In March 1998, ML Land entered into a land contract, agreeing to convey a
real estate parcel to Willy’s Workshop, Inc., a car restoration business, in exchange
for $87,000 plus interest, to be paid in monthly $900 installments. Id. ¶ 22. ML Land
owned the parcel until February 2014, when it transferred the parcel to Willy’s via a
quit claim deed. Id. ¶ 23.
b. PHBC
PHBC was a Michigan LLC from about 2007 to 2017. Id. ¶ 28. From in or
before 2008 through at least 2016, PHBC owned real estate at 3555 and 3536 Electric
Avenue in Port Huron, Michigan. Id. ¶ 29. From 2008 through April 2016, Port
Huron operated a retail hardware store at 3555 Electric; from 2008 through April
2013, Port Huron operated a concrete block plant on 3536 Electric. Id. ¶ 30. PHBC
never charged or collected rent from Port Huron. [72] ¶ 6.
3
c. L&L
i. The Conversion
In 1990, L&L was formed as a Michigan limited partnership. [65] ¶ 31. Lauth
was a general partner of L&L from May 30, 1990 through December 10, 2009. Id. ¶
32. On December 10, 2009, L&L, through the law firm Couzens Lansky Fealk Ellis
Roeder & Lazar, P.C. (Couzens Lansky), faxed to the State of Michigan a document
signed by Lauth and titled Articles of Organization and Certificate of Conversion,
which provided that L&L was being converted to an LLC (the Conversion). Id. ¶ 33.
While it occurred in December 2009, Lauth says that Couzens Lansky and his
accountant first proposed the Conversion to him in late 2004 or early 2005. [72] ¶ 15.
In February 2005, Lauth signed an operating agreement, certificate of conversion,
and affidavit of interest for the Conversion (the Conversion documents). Id. ¶ 17.
After signing the Conversion documents in 2005, Lauth never told anyone to not
proceed with the Conversion. Id. ¶ 18. In 2009, however, Couzens Lansky discovered
that the Conversion documents had not been filed back in 2005. Id. ¶¶ 20, 22. Lauth
says that it was only after this discovery that Couzens Lansky submitted the
Conversion documents. Id. ¶ 24.
ii. L&L’s Post-Conversion Activities
After the Conversion, from 2010 through 2016, L&L was a Michigan LLC. [65]

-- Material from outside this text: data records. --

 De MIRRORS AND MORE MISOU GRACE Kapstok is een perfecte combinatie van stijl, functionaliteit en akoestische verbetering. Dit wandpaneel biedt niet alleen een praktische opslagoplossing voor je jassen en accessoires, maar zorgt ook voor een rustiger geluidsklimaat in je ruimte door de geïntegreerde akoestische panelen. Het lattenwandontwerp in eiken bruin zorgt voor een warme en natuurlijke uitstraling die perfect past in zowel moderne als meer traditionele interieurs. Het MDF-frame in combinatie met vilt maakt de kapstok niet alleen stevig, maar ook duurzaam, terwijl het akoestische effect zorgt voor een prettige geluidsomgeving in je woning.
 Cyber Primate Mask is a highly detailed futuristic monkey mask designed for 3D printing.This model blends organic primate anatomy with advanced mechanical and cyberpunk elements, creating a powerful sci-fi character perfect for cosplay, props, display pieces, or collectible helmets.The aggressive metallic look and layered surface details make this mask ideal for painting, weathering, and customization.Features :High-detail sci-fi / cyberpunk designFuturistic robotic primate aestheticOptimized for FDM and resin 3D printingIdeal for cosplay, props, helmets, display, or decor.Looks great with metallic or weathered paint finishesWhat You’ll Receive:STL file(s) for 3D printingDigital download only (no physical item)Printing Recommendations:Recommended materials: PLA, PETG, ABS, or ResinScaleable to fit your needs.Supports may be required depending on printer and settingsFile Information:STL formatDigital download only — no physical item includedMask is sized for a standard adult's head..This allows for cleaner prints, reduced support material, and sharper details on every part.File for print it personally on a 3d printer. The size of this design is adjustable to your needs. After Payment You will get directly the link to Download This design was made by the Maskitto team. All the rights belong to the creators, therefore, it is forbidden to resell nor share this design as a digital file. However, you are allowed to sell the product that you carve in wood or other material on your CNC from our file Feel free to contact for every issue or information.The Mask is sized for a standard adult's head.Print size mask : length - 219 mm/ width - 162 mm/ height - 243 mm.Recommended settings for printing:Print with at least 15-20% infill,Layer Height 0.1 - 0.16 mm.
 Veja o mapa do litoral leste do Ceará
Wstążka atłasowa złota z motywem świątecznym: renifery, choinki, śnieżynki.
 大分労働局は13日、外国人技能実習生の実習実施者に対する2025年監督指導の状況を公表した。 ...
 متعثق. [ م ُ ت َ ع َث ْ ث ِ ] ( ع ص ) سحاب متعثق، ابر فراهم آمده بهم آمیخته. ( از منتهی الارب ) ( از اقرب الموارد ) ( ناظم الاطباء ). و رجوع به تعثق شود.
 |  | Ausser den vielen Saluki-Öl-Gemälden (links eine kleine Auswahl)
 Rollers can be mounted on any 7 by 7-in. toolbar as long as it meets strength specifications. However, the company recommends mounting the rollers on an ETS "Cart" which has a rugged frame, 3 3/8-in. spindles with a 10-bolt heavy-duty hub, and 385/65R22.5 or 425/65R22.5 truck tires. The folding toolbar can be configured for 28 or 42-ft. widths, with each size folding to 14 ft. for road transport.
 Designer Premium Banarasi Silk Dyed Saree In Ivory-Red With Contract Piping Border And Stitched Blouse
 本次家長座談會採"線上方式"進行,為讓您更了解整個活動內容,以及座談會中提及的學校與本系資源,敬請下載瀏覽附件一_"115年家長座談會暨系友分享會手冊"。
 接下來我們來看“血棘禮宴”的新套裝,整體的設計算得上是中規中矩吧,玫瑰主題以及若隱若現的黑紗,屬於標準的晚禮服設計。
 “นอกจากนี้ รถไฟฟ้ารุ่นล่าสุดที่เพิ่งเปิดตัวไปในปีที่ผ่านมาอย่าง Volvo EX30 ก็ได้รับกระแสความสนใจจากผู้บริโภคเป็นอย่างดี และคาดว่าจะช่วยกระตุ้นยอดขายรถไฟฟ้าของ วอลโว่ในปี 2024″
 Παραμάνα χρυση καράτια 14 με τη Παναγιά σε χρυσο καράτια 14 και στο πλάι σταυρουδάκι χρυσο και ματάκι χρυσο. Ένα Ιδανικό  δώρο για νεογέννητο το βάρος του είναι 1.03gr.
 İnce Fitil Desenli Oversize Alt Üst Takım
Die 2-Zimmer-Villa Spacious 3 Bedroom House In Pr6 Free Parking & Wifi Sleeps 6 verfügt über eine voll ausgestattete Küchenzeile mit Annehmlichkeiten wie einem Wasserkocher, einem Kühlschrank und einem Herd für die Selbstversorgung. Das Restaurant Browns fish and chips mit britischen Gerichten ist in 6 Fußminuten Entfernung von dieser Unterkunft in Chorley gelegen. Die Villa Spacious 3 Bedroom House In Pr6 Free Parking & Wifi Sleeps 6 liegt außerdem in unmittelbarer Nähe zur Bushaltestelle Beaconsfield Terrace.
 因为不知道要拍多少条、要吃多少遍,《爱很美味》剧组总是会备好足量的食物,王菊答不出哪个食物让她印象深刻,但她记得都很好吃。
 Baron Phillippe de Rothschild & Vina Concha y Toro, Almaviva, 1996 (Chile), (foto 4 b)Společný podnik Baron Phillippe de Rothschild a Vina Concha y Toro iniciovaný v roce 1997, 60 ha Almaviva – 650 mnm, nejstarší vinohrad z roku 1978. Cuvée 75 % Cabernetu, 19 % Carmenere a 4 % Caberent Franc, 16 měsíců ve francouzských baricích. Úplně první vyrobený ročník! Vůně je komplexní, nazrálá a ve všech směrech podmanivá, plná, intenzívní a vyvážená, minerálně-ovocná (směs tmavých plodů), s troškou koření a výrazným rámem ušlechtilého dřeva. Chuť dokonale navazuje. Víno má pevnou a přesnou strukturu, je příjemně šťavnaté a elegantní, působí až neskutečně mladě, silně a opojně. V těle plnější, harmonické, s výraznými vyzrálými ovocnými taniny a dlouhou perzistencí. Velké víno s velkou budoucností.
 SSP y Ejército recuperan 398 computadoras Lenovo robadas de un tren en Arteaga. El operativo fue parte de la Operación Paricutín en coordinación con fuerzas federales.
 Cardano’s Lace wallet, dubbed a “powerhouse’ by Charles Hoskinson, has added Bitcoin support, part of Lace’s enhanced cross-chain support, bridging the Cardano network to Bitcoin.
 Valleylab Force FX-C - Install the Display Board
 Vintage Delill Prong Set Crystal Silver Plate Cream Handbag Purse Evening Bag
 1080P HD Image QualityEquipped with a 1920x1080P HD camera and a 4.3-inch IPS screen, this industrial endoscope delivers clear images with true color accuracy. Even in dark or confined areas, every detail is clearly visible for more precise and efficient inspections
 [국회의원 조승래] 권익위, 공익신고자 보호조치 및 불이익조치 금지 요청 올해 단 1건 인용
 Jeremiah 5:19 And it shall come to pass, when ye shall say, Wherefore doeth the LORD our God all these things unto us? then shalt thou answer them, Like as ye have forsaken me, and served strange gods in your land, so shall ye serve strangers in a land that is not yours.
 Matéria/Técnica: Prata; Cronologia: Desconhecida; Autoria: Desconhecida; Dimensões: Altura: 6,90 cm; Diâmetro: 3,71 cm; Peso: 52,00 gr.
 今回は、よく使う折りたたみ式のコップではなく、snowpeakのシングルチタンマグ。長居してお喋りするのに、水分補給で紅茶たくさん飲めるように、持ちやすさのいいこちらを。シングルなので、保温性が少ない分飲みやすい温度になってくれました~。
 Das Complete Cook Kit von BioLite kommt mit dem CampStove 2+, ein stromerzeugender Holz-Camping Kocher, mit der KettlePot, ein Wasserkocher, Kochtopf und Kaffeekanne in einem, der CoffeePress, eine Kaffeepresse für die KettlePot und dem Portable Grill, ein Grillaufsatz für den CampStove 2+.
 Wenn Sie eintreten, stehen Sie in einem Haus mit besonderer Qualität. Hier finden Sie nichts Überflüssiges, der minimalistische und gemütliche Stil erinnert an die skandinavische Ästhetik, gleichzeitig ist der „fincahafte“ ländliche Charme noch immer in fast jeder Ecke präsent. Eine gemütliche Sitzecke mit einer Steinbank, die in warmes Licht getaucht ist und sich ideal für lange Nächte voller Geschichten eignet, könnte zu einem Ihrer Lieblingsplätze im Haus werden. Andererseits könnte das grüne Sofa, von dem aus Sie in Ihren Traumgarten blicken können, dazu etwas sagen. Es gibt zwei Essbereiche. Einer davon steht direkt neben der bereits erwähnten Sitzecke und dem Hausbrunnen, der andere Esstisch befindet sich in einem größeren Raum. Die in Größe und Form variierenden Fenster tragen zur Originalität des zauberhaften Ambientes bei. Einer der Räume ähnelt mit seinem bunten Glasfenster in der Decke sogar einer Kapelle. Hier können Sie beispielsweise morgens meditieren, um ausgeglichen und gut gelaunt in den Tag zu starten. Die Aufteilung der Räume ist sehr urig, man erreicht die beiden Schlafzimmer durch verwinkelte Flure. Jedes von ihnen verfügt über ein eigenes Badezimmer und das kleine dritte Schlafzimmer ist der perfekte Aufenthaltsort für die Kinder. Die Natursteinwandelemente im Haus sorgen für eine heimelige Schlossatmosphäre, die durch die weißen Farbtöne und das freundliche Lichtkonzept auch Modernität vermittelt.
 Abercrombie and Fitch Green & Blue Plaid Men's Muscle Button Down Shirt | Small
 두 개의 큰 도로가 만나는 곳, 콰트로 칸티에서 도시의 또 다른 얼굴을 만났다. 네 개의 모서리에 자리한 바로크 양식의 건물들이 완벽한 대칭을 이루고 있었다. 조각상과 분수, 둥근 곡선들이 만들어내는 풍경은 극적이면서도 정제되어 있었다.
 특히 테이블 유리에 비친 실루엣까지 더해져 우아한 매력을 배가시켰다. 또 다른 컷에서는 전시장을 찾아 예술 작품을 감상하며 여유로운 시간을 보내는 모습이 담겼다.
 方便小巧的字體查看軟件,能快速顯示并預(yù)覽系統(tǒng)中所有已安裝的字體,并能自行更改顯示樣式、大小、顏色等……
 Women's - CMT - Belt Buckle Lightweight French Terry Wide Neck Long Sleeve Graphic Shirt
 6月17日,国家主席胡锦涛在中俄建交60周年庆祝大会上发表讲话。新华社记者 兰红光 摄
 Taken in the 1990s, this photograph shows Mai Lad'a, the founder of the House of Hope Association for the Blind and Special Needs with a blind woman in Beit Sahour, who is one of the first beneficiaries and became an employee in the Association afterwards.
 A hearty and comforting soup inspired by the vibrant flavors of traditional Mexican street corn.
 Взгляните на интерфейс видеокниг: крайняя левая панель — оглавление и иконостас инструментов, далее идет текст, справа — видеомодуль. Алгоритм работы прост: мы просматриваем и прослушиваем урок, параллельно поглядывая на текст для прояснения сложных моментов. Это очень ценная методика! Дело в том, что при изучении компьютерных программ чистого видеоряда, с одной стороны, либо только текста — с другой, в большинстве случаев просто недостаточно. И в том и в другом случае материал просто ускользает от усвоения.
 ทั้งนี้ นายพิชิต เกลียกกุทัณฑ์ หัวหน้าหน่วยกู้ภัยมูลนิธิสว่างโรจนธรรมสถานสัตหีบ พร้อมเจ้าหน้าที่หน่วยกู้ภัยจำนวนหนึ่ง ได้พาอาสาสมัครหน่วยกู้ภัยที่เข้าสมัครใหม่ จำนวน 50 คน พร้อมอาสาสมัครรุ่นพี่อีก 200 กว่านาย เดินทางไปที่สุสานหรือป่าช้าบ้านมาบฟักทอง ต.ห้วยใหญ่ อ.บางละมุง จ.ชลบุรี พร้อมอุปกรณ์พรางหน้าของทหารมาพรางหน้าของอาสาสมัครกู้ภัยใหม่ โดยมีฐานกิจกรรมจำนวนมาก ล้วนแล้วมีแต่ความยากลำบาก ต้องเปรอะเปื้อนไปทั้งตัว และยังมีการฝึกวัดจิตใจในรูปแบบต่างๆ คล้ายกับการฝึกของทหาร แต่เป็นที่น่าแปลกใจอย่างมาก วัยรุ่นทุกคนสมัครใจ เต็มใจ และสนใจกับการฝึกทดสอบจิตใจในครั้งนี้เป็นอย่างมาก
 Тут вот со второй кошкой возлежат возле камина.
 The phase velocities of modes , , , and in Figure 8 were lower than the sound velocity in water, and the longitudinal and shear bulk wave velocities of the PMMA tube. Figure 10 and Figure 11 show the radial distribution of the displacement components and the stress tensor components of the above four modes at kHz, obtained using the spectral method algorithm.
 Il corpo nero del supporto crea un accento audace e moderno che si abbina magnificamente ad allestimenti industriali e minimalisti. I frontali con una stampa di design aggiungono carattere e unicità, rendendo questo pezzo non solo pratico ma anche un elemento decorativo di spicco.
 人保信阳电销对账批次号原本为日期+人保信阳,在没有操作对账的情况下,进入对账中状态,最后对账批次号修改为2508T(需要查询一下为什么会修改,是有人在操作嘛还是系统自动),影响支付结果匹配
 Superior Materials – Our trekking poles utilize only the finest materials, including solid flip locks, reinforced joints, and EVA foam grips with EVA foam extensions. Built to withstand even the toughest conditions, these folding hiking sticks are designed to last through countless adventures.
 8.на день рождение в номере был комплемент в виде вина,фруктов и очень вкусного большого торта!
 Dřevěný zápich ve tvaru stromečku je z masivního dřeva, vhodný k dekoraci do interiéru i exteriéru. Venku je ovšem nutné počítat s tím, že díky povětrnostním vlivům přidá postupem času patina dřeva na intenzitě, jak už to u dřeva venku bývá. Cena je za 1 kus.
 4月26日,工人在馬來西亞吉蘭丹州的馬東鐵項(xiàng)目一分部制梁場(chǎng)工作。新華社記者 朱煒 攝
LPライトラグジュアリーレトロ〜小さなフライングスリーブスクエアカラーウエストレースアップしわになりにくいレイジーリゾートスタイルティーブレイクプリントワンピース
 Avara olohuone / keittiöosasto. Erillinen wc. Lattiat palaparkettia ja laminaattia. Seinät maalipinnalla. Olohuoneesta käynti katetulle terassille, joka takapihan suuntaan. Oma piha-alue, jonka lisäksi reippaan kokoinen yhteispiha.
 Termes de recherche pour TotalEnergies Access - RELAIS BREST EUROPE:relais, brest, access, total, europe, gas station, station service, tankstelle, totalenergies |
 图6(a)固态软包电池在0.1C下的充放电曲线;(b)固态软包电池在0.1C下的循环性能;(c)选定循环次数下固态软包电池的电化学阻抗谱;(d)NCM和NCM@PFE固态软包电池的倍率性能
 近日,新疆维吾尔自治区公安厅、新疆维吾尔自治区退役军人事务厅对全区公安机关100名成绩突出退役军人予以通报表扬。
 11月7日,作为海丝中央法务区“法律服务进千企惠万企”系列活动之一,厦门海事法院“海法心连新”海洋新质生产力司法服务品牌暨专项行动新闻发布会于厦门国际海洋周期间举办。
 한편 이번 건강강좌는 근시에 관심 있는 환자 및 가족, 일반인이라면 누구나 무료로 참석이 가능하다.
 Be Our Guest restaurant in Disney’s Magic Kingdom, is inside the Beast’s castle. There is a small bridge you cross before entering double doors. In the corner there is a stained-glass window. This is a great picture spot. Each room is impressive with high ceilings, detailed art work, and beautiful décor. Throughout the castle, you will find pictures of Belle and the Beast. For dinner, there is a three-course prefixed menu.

¶ 36. Between 2010 and 2015, L&L owned and leased 11 commercial real estate
parcels and 6 residential real estate parcels, earning at least $275,000 each year in
4
rent. Id. ¶¶ 37–39. Between 2008 through 2015, L&L’s agents performed repairs
and maintenance on the parcels. Id. ¶ 40.
L&L applied for and received a FEIN in or before 2009. Id. ¶ 43. For each of
its tax returns between 2008 through 2015, L&L reported that its “Principal business
activity” was “Real Estate” and that its “Principal product or service” was “Rental.”
Id. ¶ 41. L&L deducted expenses for repairs, insurance, legal and professional fees,
taxes, and utilities on each of those tax returns. Id. ¶ 42.
iii. L&L’s Ownership
From 2009 through present, there have always been 200 Class A (voting) units
and 1800 Class B (non-voting) units in L&L. Id. ¶ 45.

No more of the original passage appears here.